### Problem details
What is needed is an exact reproduction of the lines in the records below, starting at the line with "yo me sumergí" and ending at the line with "Le Conseil communal", both included, and nothing else; pictures stay out.

### Record excerpts
+ + +
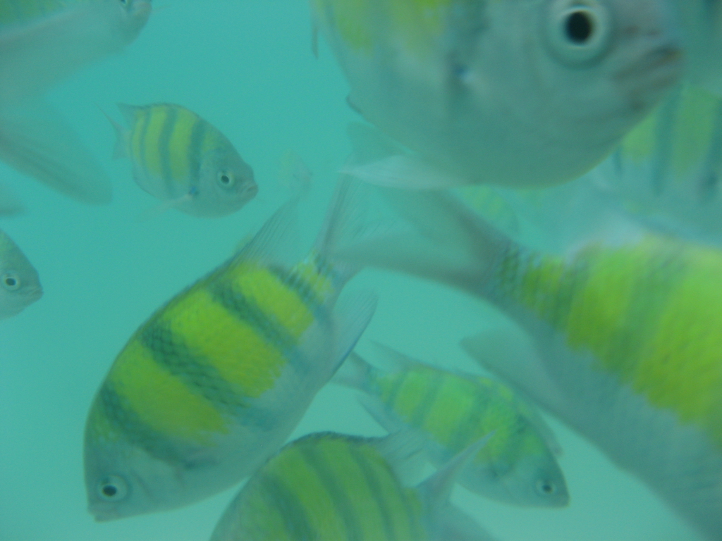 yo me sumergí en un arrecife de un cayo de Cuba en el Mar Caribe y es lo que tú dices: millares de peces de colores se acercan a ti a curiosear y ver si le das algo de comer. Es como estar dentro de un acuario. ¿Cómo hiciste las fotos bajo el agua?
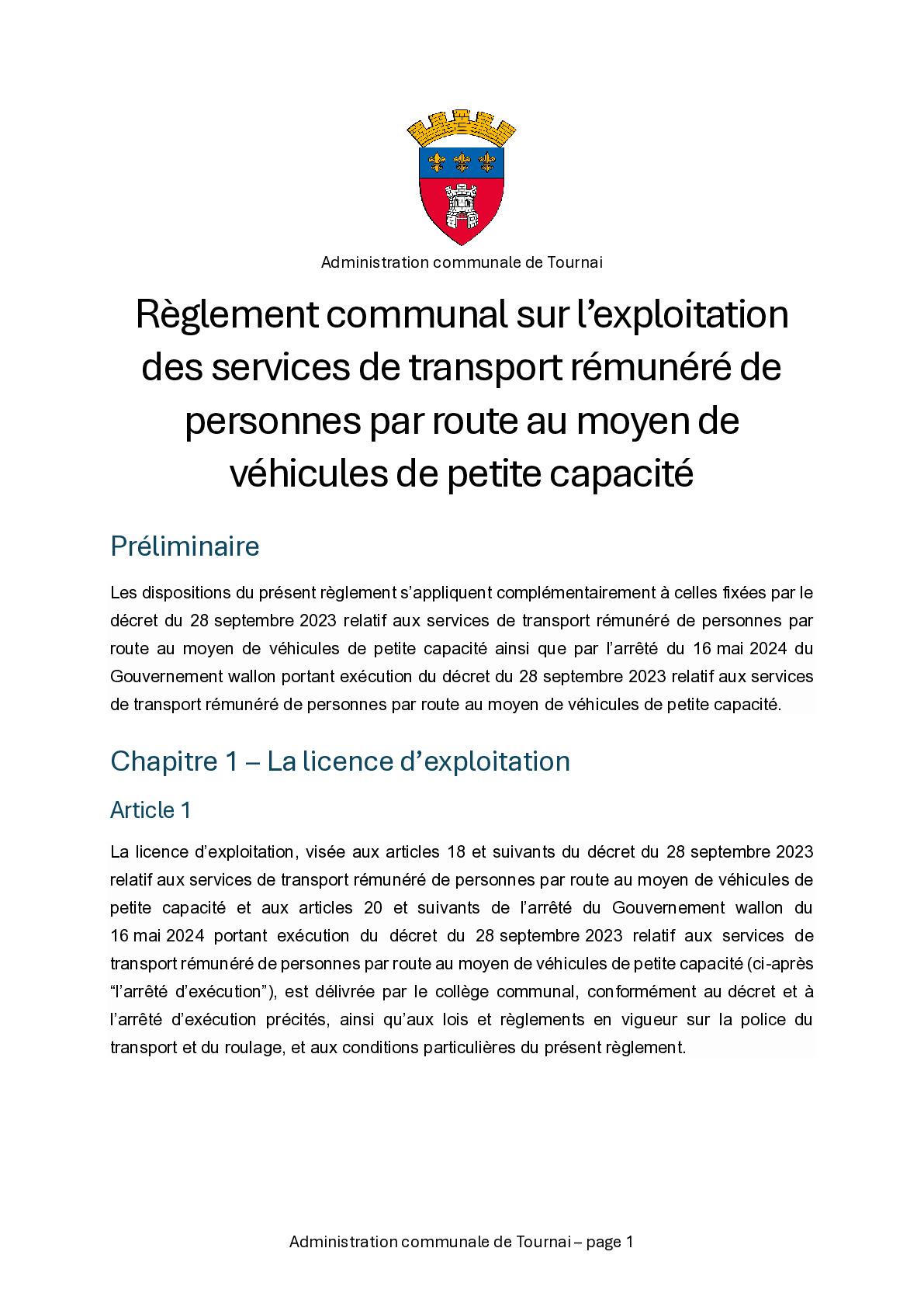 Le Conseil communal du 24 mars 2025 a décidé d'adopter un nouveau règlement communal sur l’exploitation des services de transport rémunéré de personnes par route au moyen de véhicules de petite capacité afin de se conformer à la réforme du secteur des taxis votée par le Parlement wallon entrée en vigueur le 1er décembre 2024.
+ + +
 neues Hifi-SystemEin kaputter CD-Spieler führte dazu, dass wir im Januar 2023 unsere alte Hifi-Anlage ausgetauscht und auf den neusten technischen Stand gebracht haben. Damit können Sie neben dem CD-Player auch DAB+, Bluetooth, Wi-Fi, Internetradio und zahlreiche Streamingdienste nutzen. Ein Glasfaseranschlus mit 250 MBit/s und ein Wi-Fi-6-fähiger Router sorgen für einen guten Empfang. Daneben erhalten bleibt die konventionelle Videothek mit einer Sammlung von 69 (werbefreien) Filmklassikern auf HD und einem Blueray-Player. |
+ + +
### Solution below
 yo me sumergí en un arrecife de un cayo de Cuba en el Mar Caribe y es lo que tú dices: millares de peces de colores se acercan a ti a curiosear y ver si le das algo de comer. Es como estar dentro de un acuario. ¿Cómo hiciste las fotos bajo el agua?
 Le Conseil communal du 24 mars 2025 a décidé d'adopter un nouveau règlement communal sur l’exploitation des services de transport rémunéré de personnes par route au moyen de véhicules de petite capacité afin de se conformer à la réforme du secteur des taxis votée par le Parlement wallon entrée en vigueur le 1er décembre 2024.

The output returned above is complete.